Initiative 884, the Education Trust Fund that adds one cent to sales tax in Washington state to raise a billion dollars to improve K-16 education, is officially on the fall ballot and will be decided by voters on November 2. The sales tax in Washington would rise from 6.5 to 7.5 percent.

This report was announced to the South Kitsap School Board at its July 19 meeting after legislative liaison Gregg Scott received a call from the League of Education Voters.

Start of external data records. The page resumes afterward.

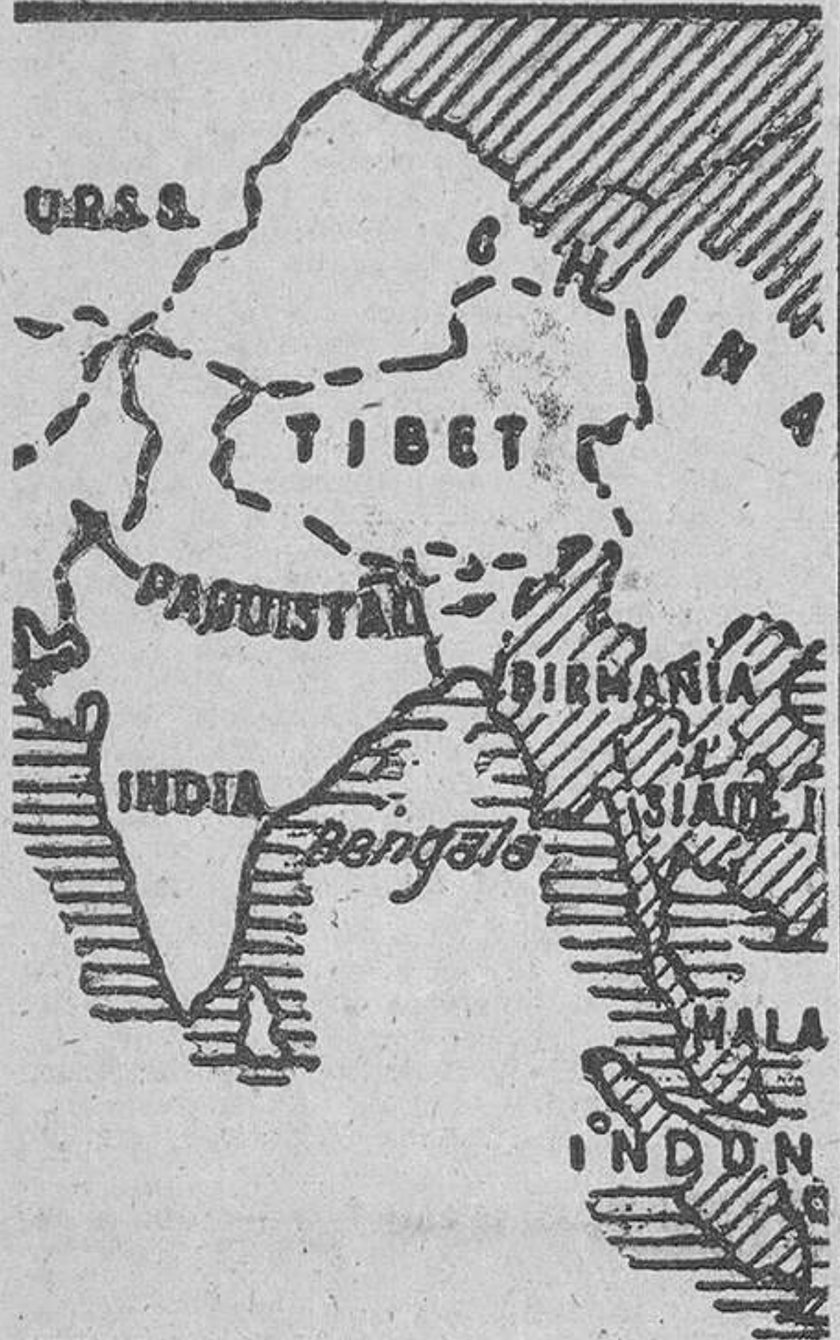
Gráfico del Tibet, el «techo del mundo», al que rodean varios países asiáticos

do los libros sagrados para empuñar las armas, que jamás rehusaron dar al Ejército tibetano, cuando avanzaban por el país los soldados de la China roja.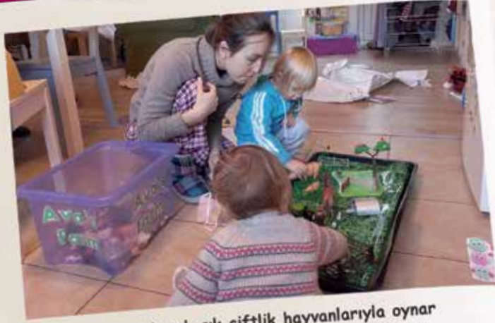
Lili ve Ava evde sık sık çiftlik hayvanlarıyla oynar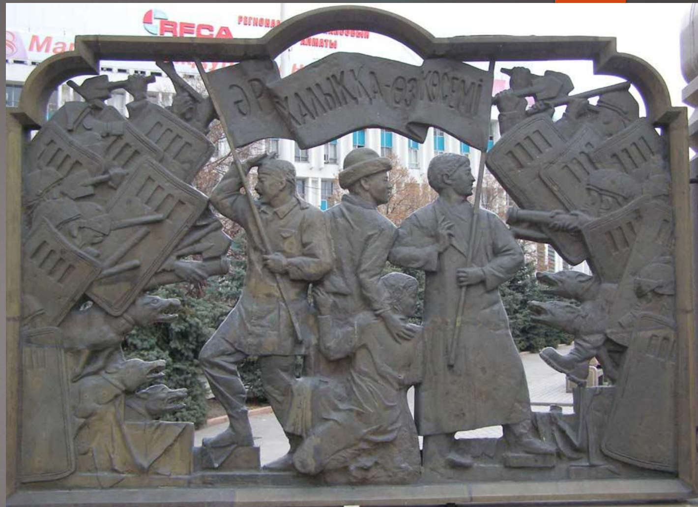
Желтоқсан оқиғаларына арналған Қазақстан Республикасының Тәуелсіздік монументі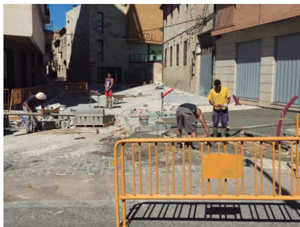
■ Les obres de millora a l'entorn de l'Espai Macià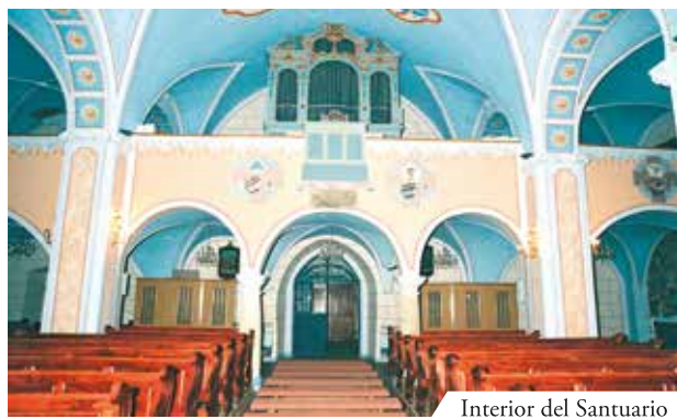
Interior del Santuario

Scott also reported the League is preparing to hold regional campaigns to rally support of the Initiative.

As far as the Initiative, Superintendent Bev Cheney said the Board has not fully researched the effect it might have on South Kitsap’s school district.

“We’re still looking at that,” Cheney said. “Part of the dilemma we have is we’re always looking at needing additional funding.”

The District’s current four-year levy expires in December of 2005.

According to Cheney, the money generated by the Initiative will be split in half between K-12 and higher education, then distributed between the approximately 300 school districts in Washington state.

Cheney said she does not have a good feel for how the Initiative will be received in the community.

“I have no idea if it would pass in this district,” Cheney said.

According to the League of Education Voters, the I-884 Education Trust Fund will create 10,000 new high-quality preschool spaces for children; reduce class sizes by fully funding Initiative 728; raise the base pay for teachers and school employees, and community and technical college employees, to what they would be receiving if the Legislature hadn’t suspended I-732 last year; provide additional classes in high school and support parent involvement; expand Promise scholarships for the top 30 percent of graduating high school seniors and financial aid to keep college affordable for working and middle class students; fund 25,000 additional enrollment slots in community and technical colleges and four-year universities and 7,000 new enrollments in high demand fields and invest in university-based research that generates new businesses and jobs.

The Board also mentioned an interest in hosting a candidate forum sometime before the September 14 Primary Election.

“The Board wants to host a candidate forum for the 26th and 35th Districts with the single topic of education and education funding,” Cheney said. “We’re in the midst of scheduling.”